Given information
■ ■ ■ ■

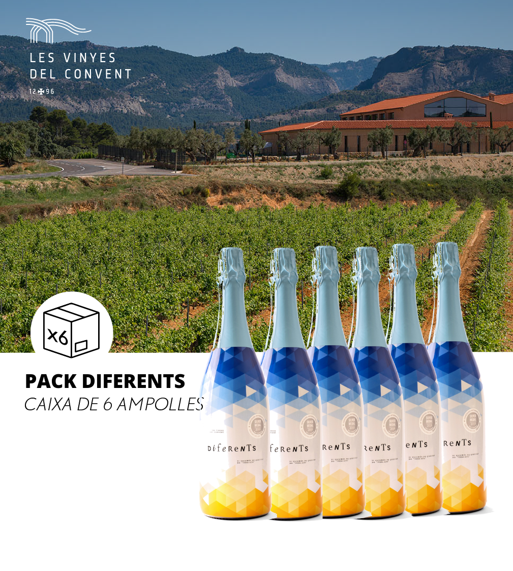 Diferents 2019. Un escumós amb bombolles terraltines que us atraparan. Elaborat amb Garnatxa Blanca, Parellada i Macabeu. De color groc llimona pàl·lid, compta amb una fina i elegant bombolla.
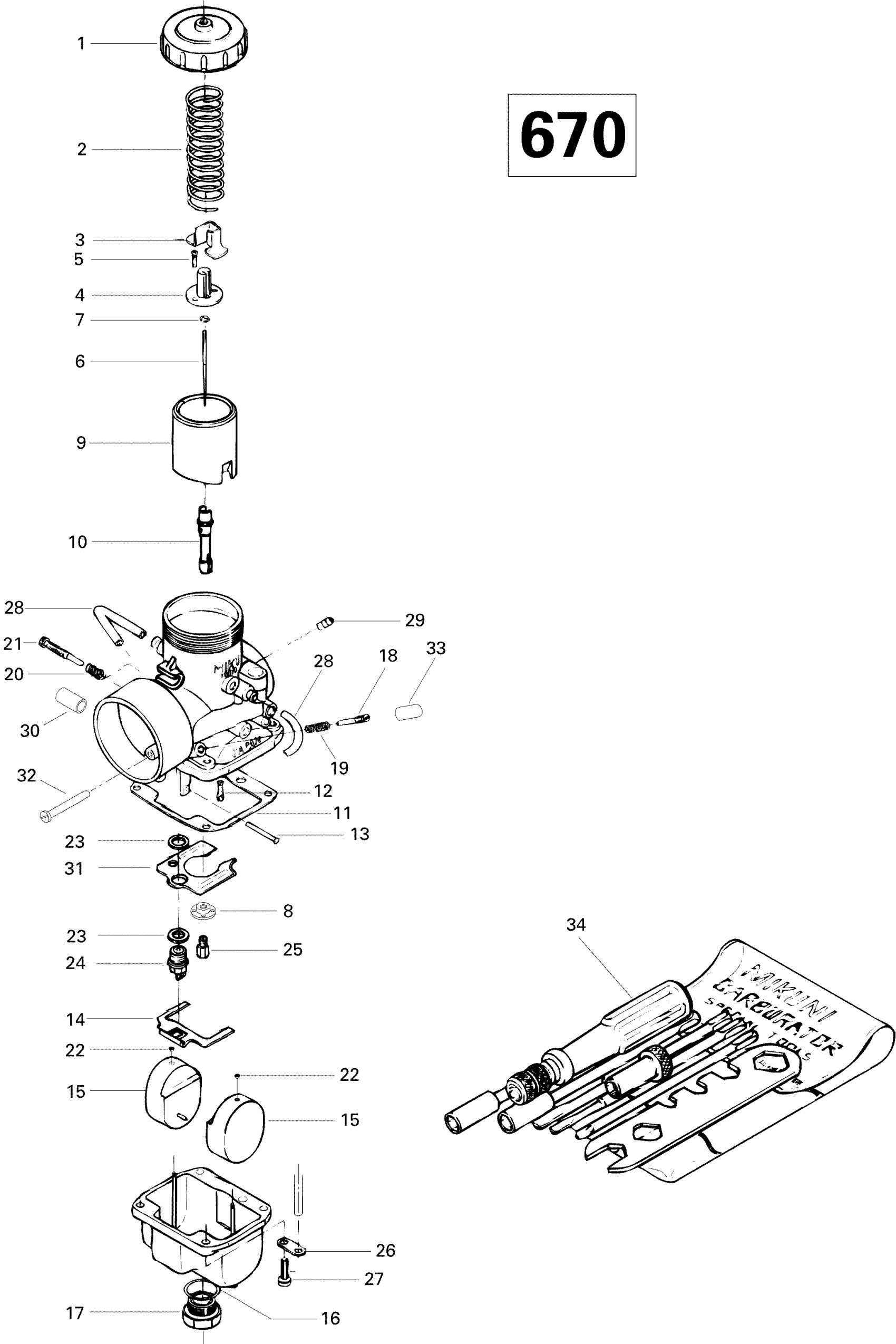 Ski-Doo Summit 670, 1996 Carburetor 670 Diagram
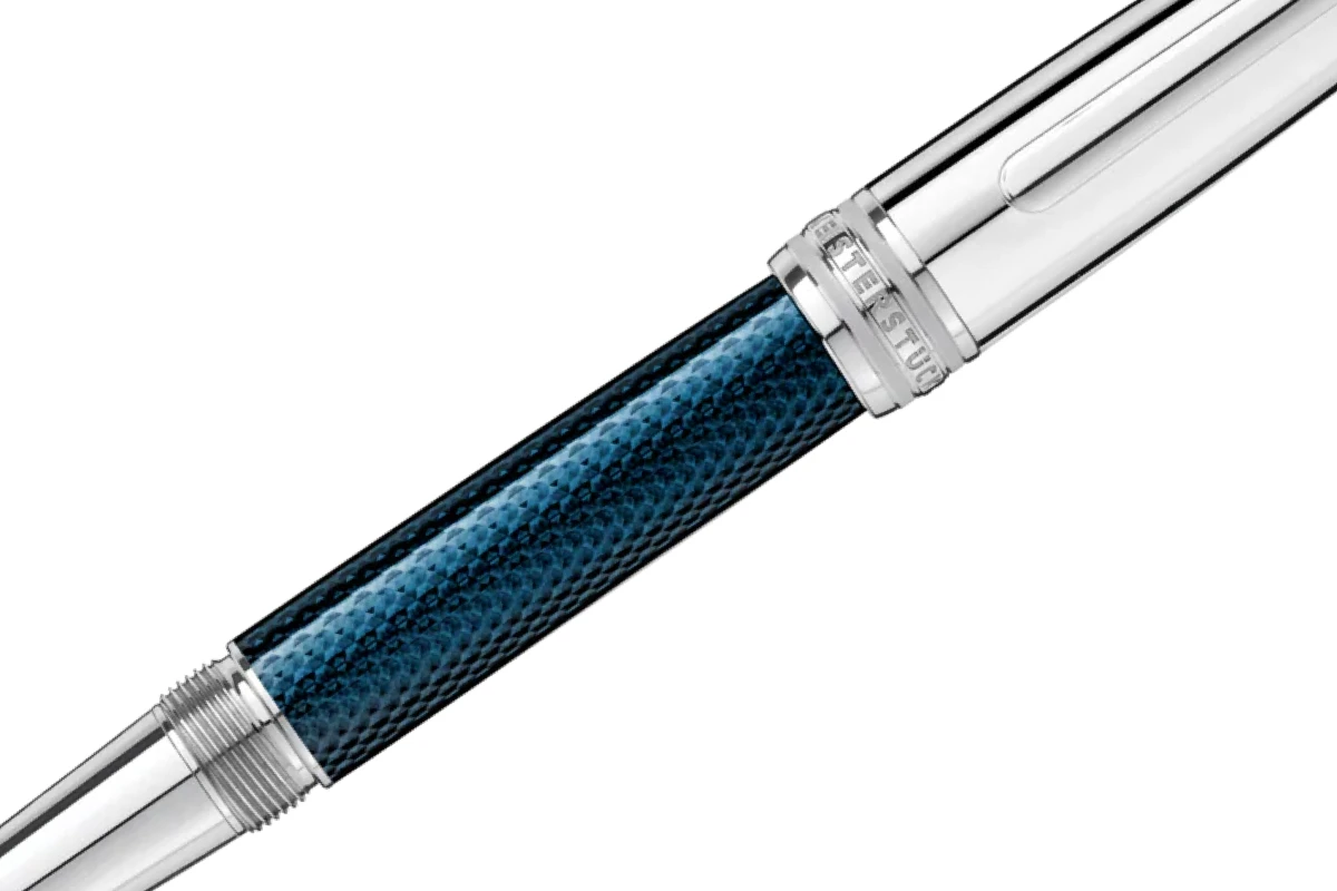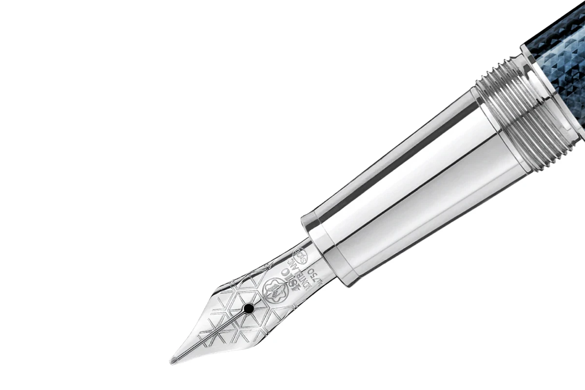 Het zeshoekige patroon op de handgemaakte gerhodineerd gouden penpunt, evenals op de houder en de dop, weerspiegelt de samensmelting van lichten en nachtelijk verkeer in stedelijke steden. Dit is bedekt met doorschijnende diepblauwe lak. De dop wordt bekroond door het iconische witte Montblanc embleem ingelegd en drie ringen met de merknaam Montblanc in reliëf.

■ ■ ■ ■

Exercise description
Every line of the listing must be reproduced exactly, though the pictures are to be left out.

Solution to the problem
 Diferents 2019. Un escumós amb bombolles terraltines que us atraparan. Elaborat amb Garnatxa Blanca, Parellada i Macabeu. De color groc llimona pàl·lid, compta amb una fina i elegant bombolla.
 Ski-Doo Summit 670, 1996 Carburetor 670 Diagram
 Het zeshoekige patroon op de handgemaakte gerhodineerd gouden penpunt, evenals op de houder en de dop, weerspiegelt de samensmelting van lichten en nachtelijk verkeer in stedelijke steden. Dit is bedekt met doorschijnende diepblauwe lak. De dop wordt bekroond door het iconische witte Montblanc embleem ingelegd en drie ringen met de merknaam Montblanc in reliëf.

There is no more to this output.